Mrs. BARNES-GRUNDY possesses a wonderful supply of sprightly humour. Her Mad Month (HUTCHINSON) is funny without being flippant, and although the heroine is very naughty she is never naughty enough to shock her creator's unhyphened namesake. Perhaps Charmian's exploits in escaping from a severe grandmother, and going unchaperoned to Harrogate (where a very pretty piece of philandering ensued), do not amount to much when seriously considered, but it is one of Mrs. BARNES-GRUNDY'S strong points that you cannot take her seriously. I am on her side all the time when she is giving me light comedy, but when she leaves that vein and bathes her heroine in tears I cannot conjure up any real sympathy. I never for a moment doubted that Charmian's lover, though reported as having "died from wounds," would turn up again. I am afraid the War is responsible for a great deal of rather obvious fiction.


Miss MARIE HARRISON has investigated the condition of Ireland, and in Dawn in Ireland (MELROSE) she presents the results of her studies. The book is inspired by a great deal of the right kind of enthusiasm, and the advice given is so excellent as to arouse the fear that it will not be taken. Yet Miss HARRISON is justified of her endeavours. She shows how often the English governors of Ireland have failed, in spite of the best intentions, only because they applied their remedy too late and thus, to their own great surprise, wasted the generosity of which they were perhaps too conscious. According to Miss HARRISON the gombeenman is the curse of Ireland, the serpent whose presence, if only he can be reduced to being an absentee, warrants us in regarding Ireland as a possible Eden. Miss HARRISON will please to take the preceding sentence as proving my entire sympathy with Irish modes of thought and expression and, generally, with Ireland. Against the gombeener (who is a shop-keeper running his business on the long-credit system) she invokes a vision of the blessings of co-operation. One of her heroes is Sir HORACE PLUNKETT, and, indeed, the work of the Irish Agricultural Organisation Society, over which he has presided, has been an unmixed benefit to Ireland. I heartily endorse Miss HARRISON'S hope that "at no distant period all will be well with Ireland." Her book should certainly help towards this result.

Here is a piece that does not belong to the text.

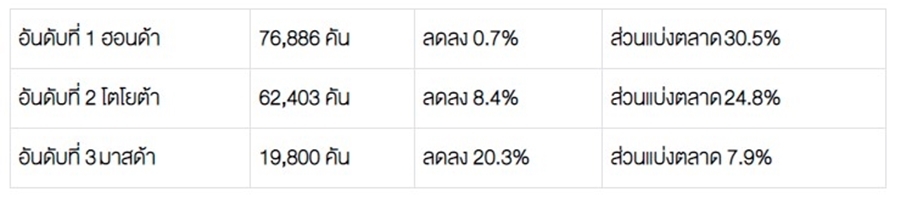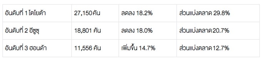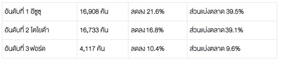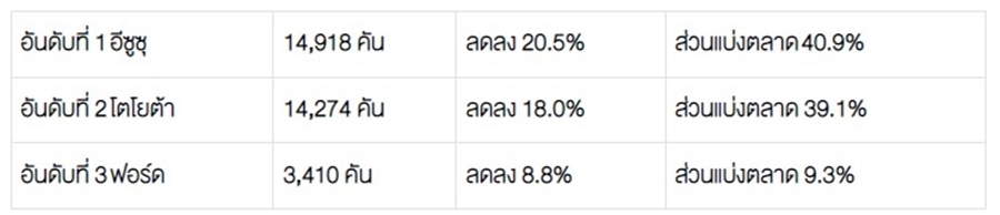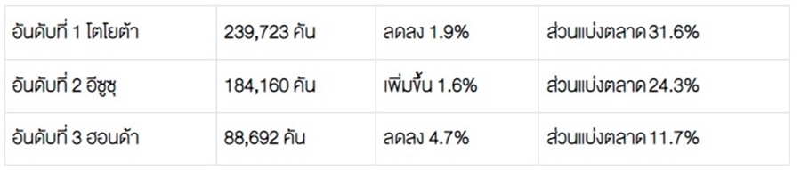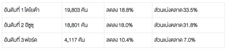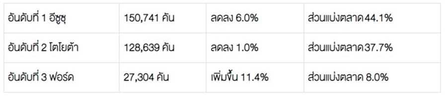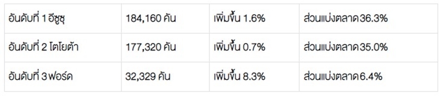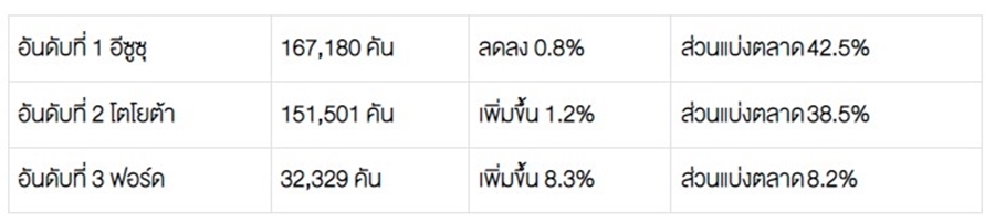 โตโยต้า 22,862 คัน – อีซูซุ 16,439 คัน – มิตซูบิชิ 6,619 คัน – ฟอร์ด 5,025 คัน – นิสสัน 1,079 คัน
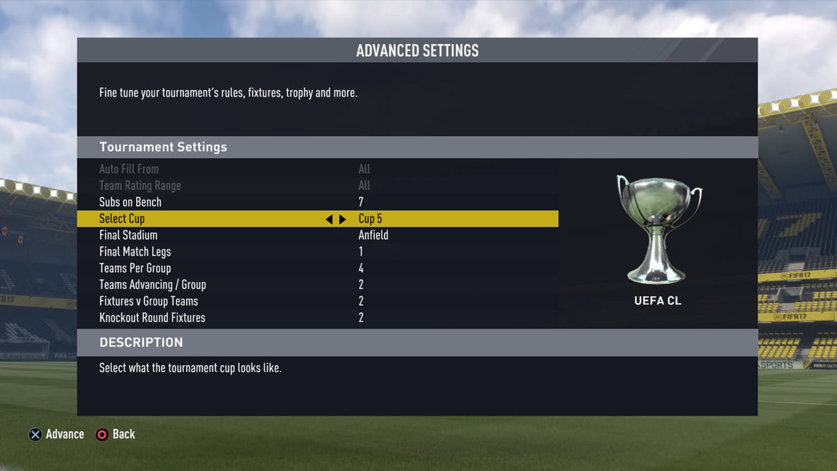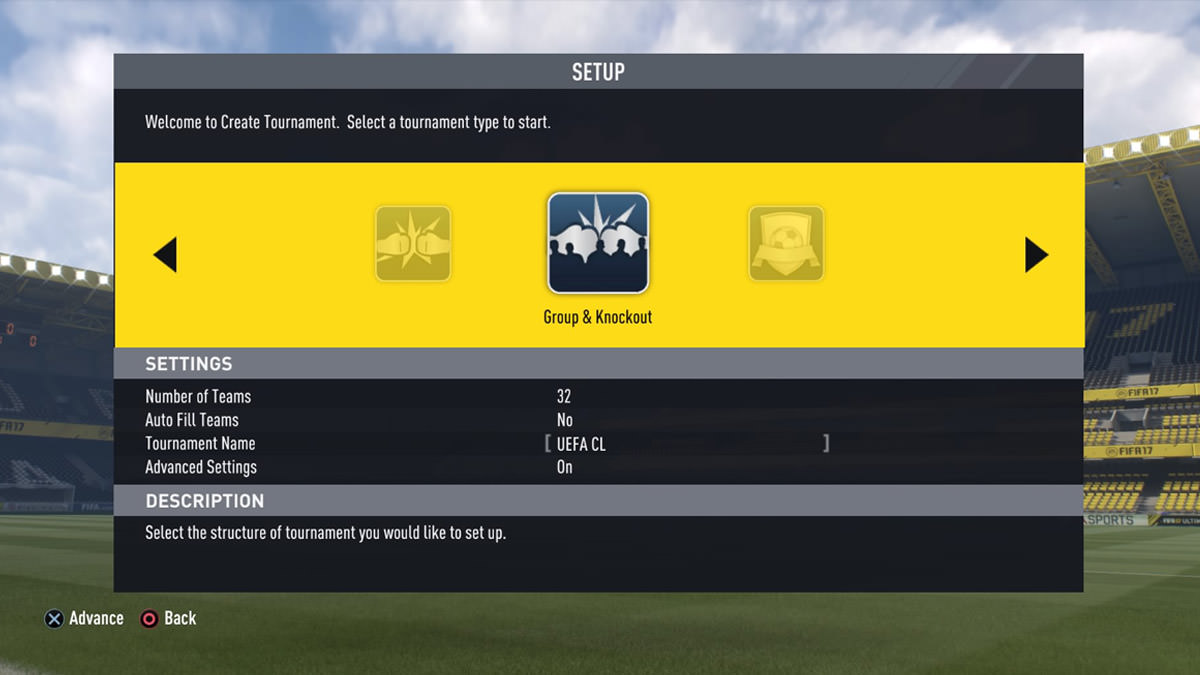 After this, you can start setting up your UEFA CL tournament in FIFA 17 by following the steps given below:

Captain VERE SHORTT fell at Loos in September of 1915, and left twelve chapters of a story, The Rod of the Snake (LANE), which his sister has finished and very capably finished; helped by the recollection of many intimate conversations about the plot and its development. It tells how young Charlie Shandross, bidding his preposterous soldier uncle be hanged, shook the stale dust of Ballybar off his feet, served three years in the C.M.R., and so prepared himself for the deadly adventure of the rod of the snake, the image of the ape, the Haytian attaché and the sinister priestess of Voodoo rites—Paris its setting. I won't spoil your pleasure by giving the details away; I will only say it is all very splendidly incredible, but not unplausible, and the authors do take pains with their puzzles, as where the hero and his party find the secret spring of the panel in the vault by the blood tracks of their enemy, who has been thoughtfully wounded in the hand. A small point but significant; too many writers in this kind being given to whisking their favourites out of danger in the most arbitrary manner. A good railway book, of the sort you can confidently pass on to the soldiers' hospitals after reading it.